Yuji Zhang


2023

pdf
VIBE: Topic-Driven Temporal Adaptation for Twitter Classification
Yuji Zhang | Jing Li | Wenjie Li
Proceedings of the 2023 Conference on Empirical Methods in Natural Language Processing

Language features are evolving in real-world social media, resulting in the deteriorating performance of text classification in dynamics. To address this challenge, we study temporal adaptation, where models trained on past data are tested in the future. Most prior work focused on continued pretraining or knowledge updating, which may compromise their performance on noisy social media data. To tackle this issue, we reflect feature change via modeling latent topic evolution and propose a novel model, VIBE: Variational Information Bottleneck for Evolutions. Concretely, we first employ two Information Bottleneck (IB) regularizers to distinguish past and future topics. Then, the distinguished topics work as adaptive features via multi-task training with timestamp and class label prediction. In adaptive learning, VIBE utilizes retrieved unlabeled data from online streams created posterior to training data time. Substantial Twitter experiments on three classification tasks show that our model, with only 3% of data, significantly outperforms previous state-of-the-art continued-pretraining methods.

2021

pdf
Engage the Public: Poll Question Generation for Social Media Posts
Zexin Lu | Keyang Ding | Yuji Zhang | Jing Li | Baolin Peng | Lemao Liu
Proceedings of the 59th Annual Meeting of the Association for Computational Linguistics and the 11th International Joint Conference on Natural Language Processing (Volume 1: Long Papers)

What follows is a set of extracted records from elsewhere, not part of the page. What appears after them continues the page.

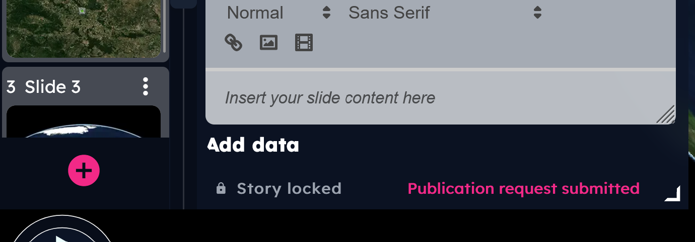 By clicking on the Request publication button, users will see a confirmation notification — either a success message or an error message asking to try again. Once submitted successfully, the button will be replaced with a tag, and the story will be locked until the review board’s outcome.
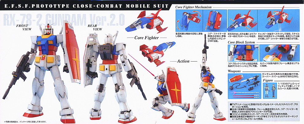 코어파이터도 완벽하게 업그레이드 되었다. 기수를 접으면 수직미익이 연동되어 접히는 기믹이 MG 건담 최초로 도입되었으며[37], 코어 파이터의 미사일 런처 개폐도 구현되었다. 기수 끝부분도 신축되는데, 길이를 줄일경우 콕핏이 연동되어 90도 뒤로 넘어가서 하체와 합체했을 때 파일럿이 아래가 아니라 앞을 바라보는 상태의 구현이 가능하다.[38] 보너스로 PG에도 없던 날개 연장기믹도 들어가있다. 이것만 제외하면 사실 모두 PG에 있었던 기믹이지만 2.0에 이르러 MG에서도 구현되면서 크게 환영받았다.
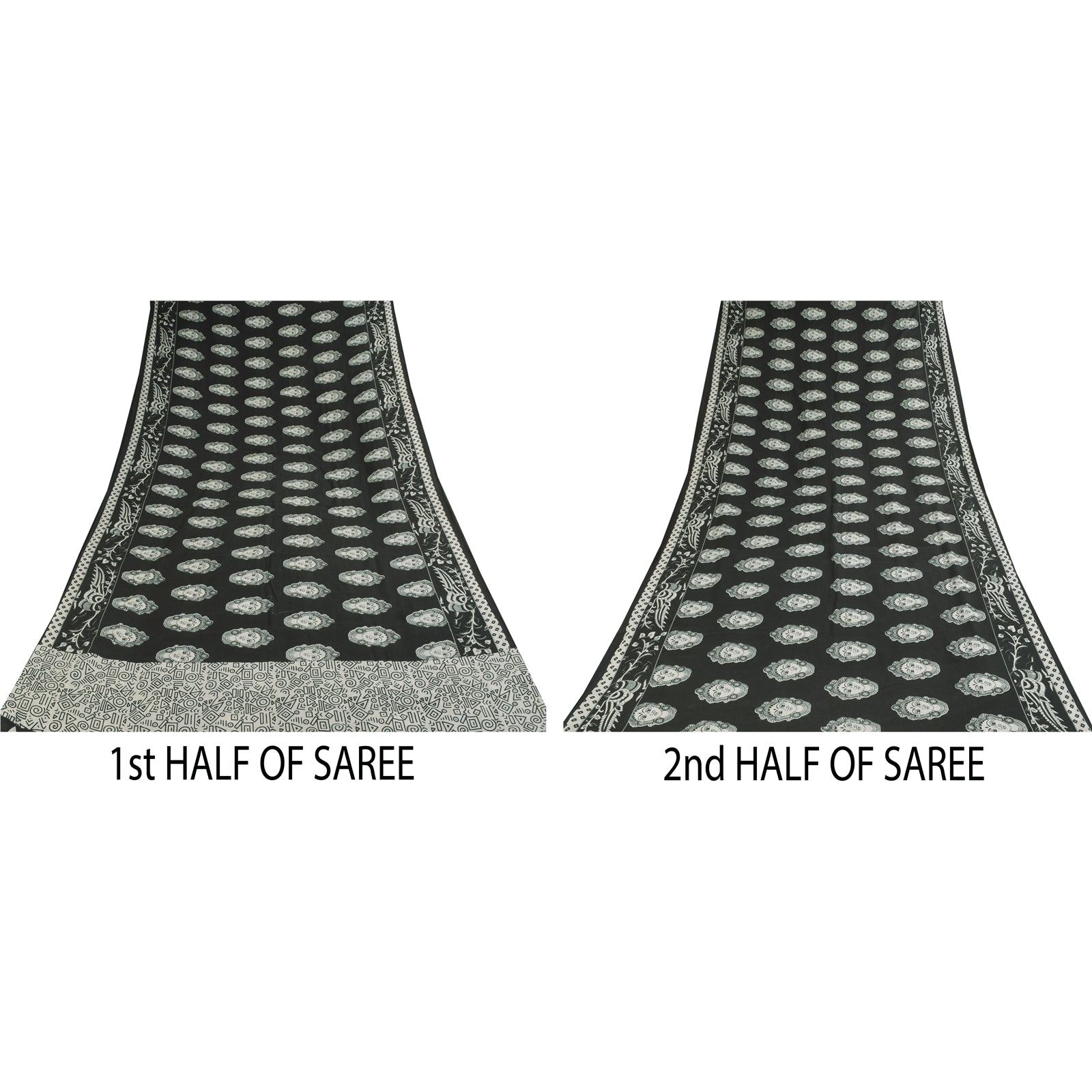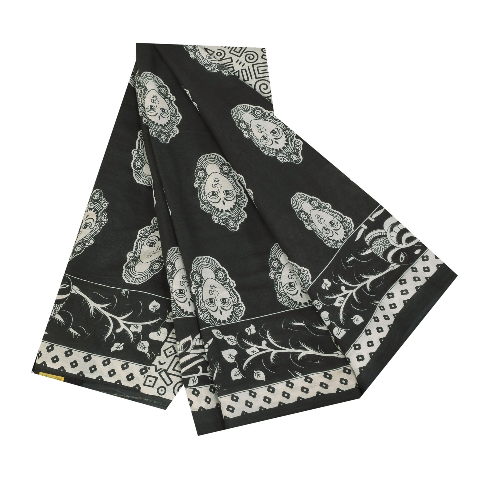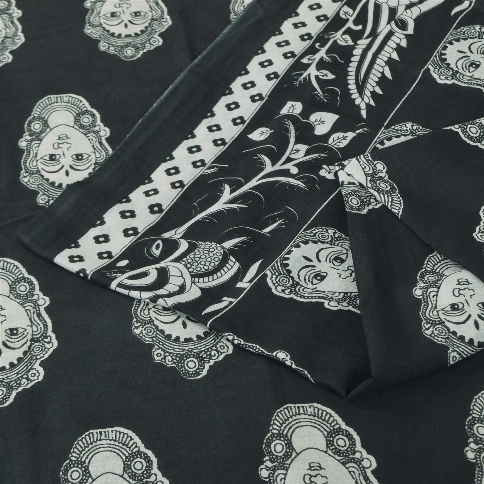 THE ITEM COLOR OR SHADE MAY BE DARKER OR LIGHTER THAN THE PICTURE. Attractive black colored pure cotton hand block printed kalamkari sari. Pallu & Border has printed geometric design. Women face design in center part of saree.. This unique vintage saree can be used for various crafting ideas even if you don't want to use it as a sari. Design a dress, use it as a as window dressing, upholstery, sarongs, throw, dress making and table linen much more. Let your creative juices flow and use this decorated Sustainable Fabric in multiple fashion. Shipping Note: 'International buyers please note: Import duties, taxes, and charges are not included in the item price or postage cost. These charges are the buyer's responsibility. Please check with your country's customs office to determine what these additional costs will be prior to bidding or buying. Buyer will pay custom duty/tax. It is calculated and charged differently by every country. As a seller I do not have any control over it. VAT or sales tax is calculated by the platform at the time of checkout. Customs charge is payable at the time of delivery.' PCS-6397
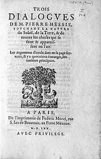- Three Dialogues of Pierre Messie, concerning the nature of the Sun, Earth, & all things that have appeared in the air. Full 1570 text in French. At the Bibliothèques Virtuelles Humanistes. Accessed June 2011.
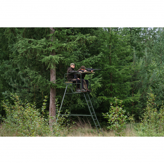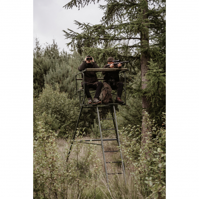 Dieser robuste Hochsitz in olivgrüner Farbe ist speziell für den sicheren und komfortablen Einsatz im Revier konzipiert. Mit einer Höhe von etwa 315 cm bietet er eine ausgezeichnete Übersicht und bleibt dabei mit einem Gesamtgewicht von ca. 45 kg angenehm transportabel. Die maximale Belastbarkeit liegt bei rund 270 kg, was ihn besonders stabil und zuverlässig macht. Der Sitz verfügt über eine gepolsterte Rückenlehne und Sitzfläche, die auch bei längeren Einsätzen hohen Komfort garantieren. Eine große Fußraste erleichtert das Sitzen ebenso wie das Abstützen, während der trittsichere Aufstieg für zusätzliche Sicherheit beim Betreten sorgt. Die integrierte Gewehrauflage ist besonders schonend und erlaubt eine optimale Handhabung der Waffe. Verstärkte Sicherheitsgelenke sorgen für maximale Stabilität und Langlebigkeit.
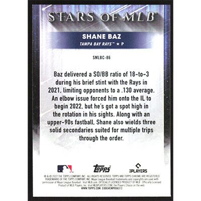 This is a 2022 Topps Stars of MLB Chrome Shane Baz baseball card. The card is #SMLBC-86 and pictures show condition. Team(s): Tampa Bay Rays Rookie Card (RC)
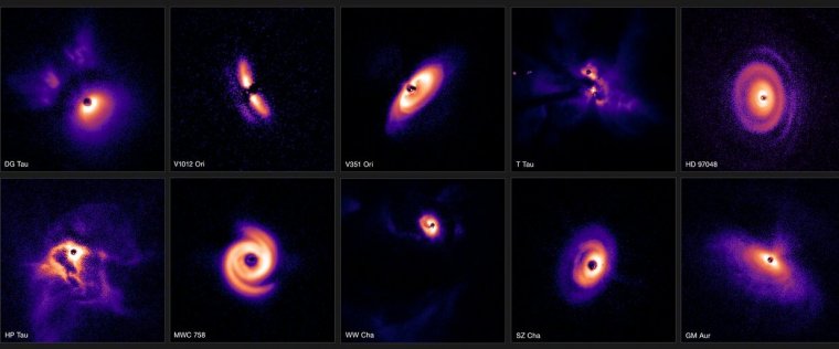 Proprio come i sistemi planetari maturi, le nuove immagini mostrano la straordinaria diversità dei dischi che formano pianeti. "Alcuni di questi dischi mostrano enormi bracci a spirale, presumibilmente guidati dall'intricato balletto dei pianeti in orbita", dice Ginski.
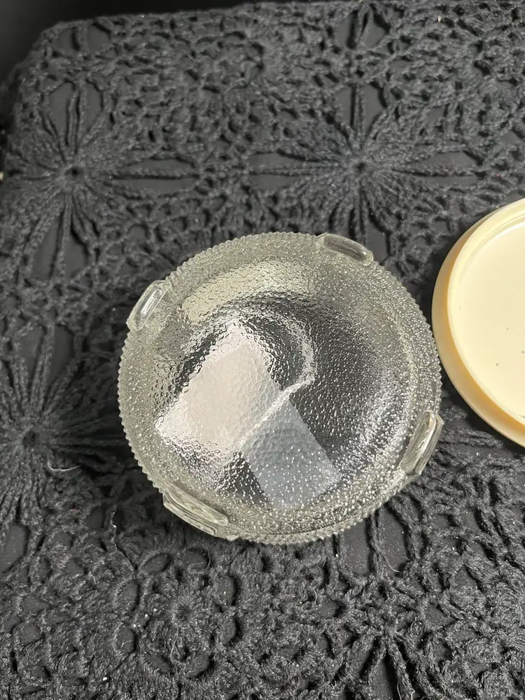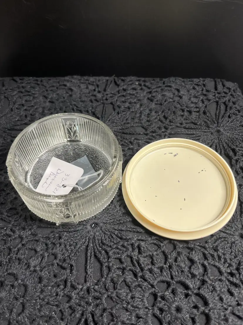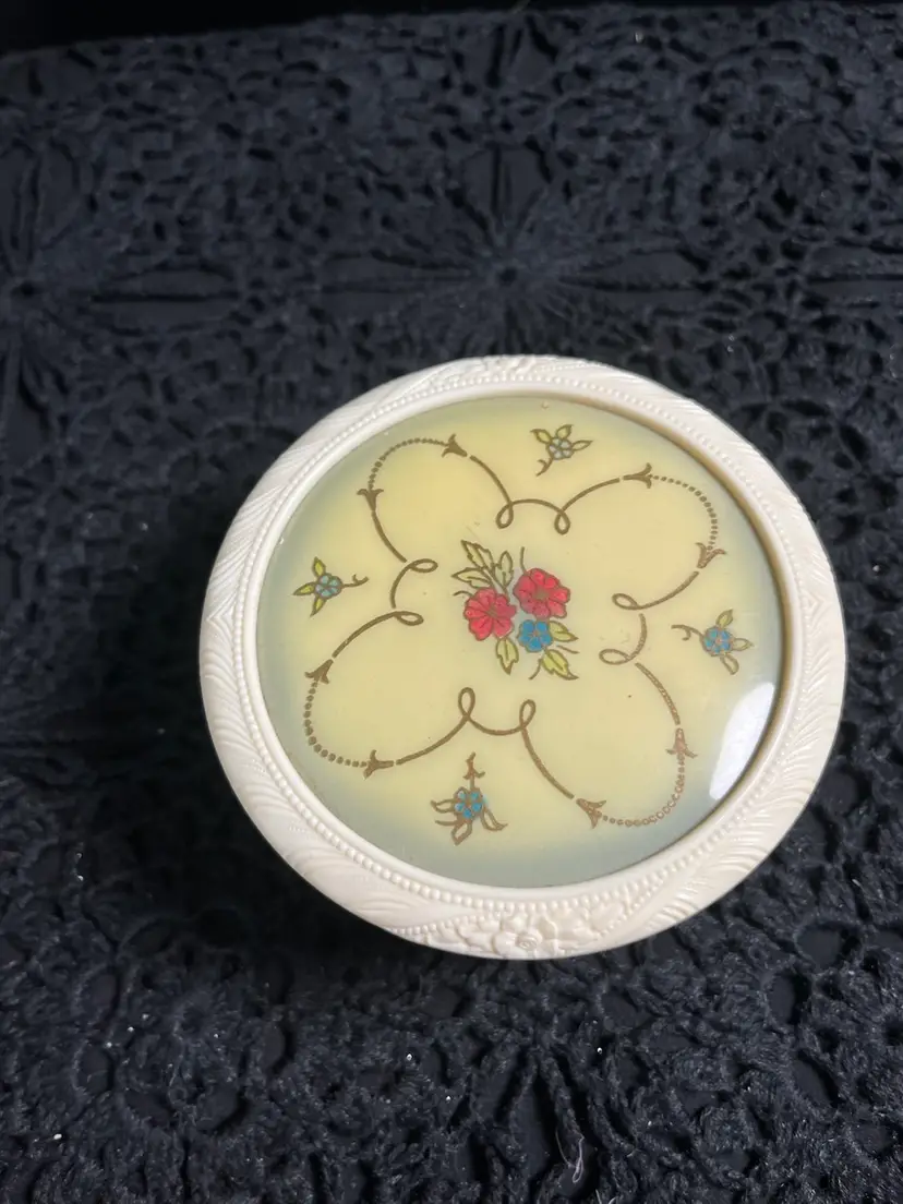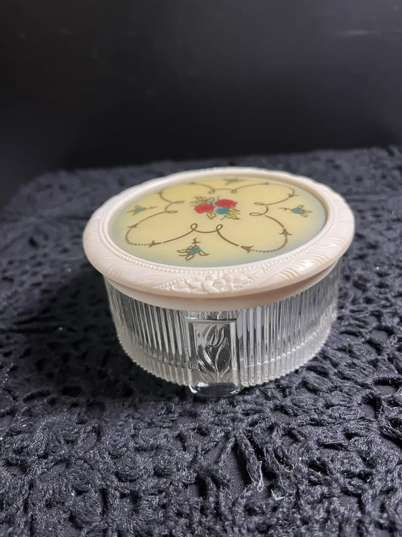 No chips or cracks. In beautiful condition. Small amount of paint wear under cover. 2" H, 4" Diameter, Approx 8.7 Oz
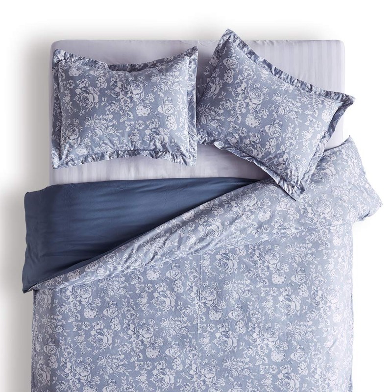 SLEEP ZONE Bedding Duvet Cover Sets Printed Pattern Elegant Peony 120gsm Ultra Soft Zipper Closure Corner Ties, Blue,Full/Queen (90 X 90 inch | 2 Pillow Shams)

This paper presents a novel task to generate poll questions for social media posts. It offers an easy way to hear the voice from the public and learn from their feelings to important social topics. While most related work tackles formal languages (e.g., exam papers), we generate poll questions for short and colloquial social media messages exhibiting severe data sparsity. To deal with that, we propose to encode user comments and discover latent topics therein as contexts. They are then incorporated into a sequence-to-sequence (S2S) architecture for question generation and its extension with dual decoders to additionally yield poll choices (answers). For experiments, we collect a large-scale Chinese dataset from Sina Weibo containing over 20K polls. The results show that our model outperforms the popular S2S models without exploiting topics from comments and the dual decoder design can further benefit the prediction of both questions and answers. Human evaluations further exhibit our superiority in yielding high-quality polls helpful to draw user engagements.

pdf
#HowYouTagTweets: Learning User Hashtagging Preferences via Personalized Topic Attention
Yuji Zhang | Yubo Zhang | Chunpu Xu | Jing Li | Ziyan Jiang | Baolin Peng
Proceedings of the 2021 Conference on Empirical Methods in Natural Language Processing

Millions of hashtags are created on social media every day to cross-refer messages concerning similar topics. To help people find the topics they want to discuss, this paper characterizes a user’s hashtagging preferences via predicting how likely they will post with a hashtag. It is hypothesized that one’s interests in a hashtag are related with what they said before (user history) and the existing posts present the hashtag (hashtag contexts). These factors are married in the deep semantic space built with a pre-trained BERT and a neural topic model via multitask learning. In this way, user interests learned from the past can be customized to match future hashtags, which is beyond the capability of existing methods assuming unchanged hashtag semantics. Furthermore, we propose a novel personalized topic attention to capture salient contents to personalize hashtag contexts. Experiments on a large-scale Twitter dataset show that our model significantly outperforms the state-of-the-art recommendation approach without exploiting latent topics.

2020

pdf
Hashtags, Emotions, and Comments: A Large-Scale Dataset to Understand Fine-Grained Social Emotions to Online Topics
Keyang Ding | Jing Li | Yuji Zhang
Proceedings of the 2020 Conference on Empirical Methods in Natural Language Processing (EMNLP)

This paper studies social emotions to online discussion topics. While most prior work focus on emotions from writers, we investigate readers’ responses and explore the public feelings to an online topic. A large-scale dataset is collected from Chinese microblog Sina Weibo with over 13 thousand trending topics, emotion votes in 24 fine-grained types from massive participants, and user comments to allow context understanding. In experiments, we examine baseline performance to predict a topic’s possible social emotions in a multilabel classification setting. The results show that a seq2seq model with user comment modeling performs the best, even surpassing human prediction. More analyses shed light on the effects of emotion types, topic description lengths, contexts from user comments, and the limited capacity of the existing models.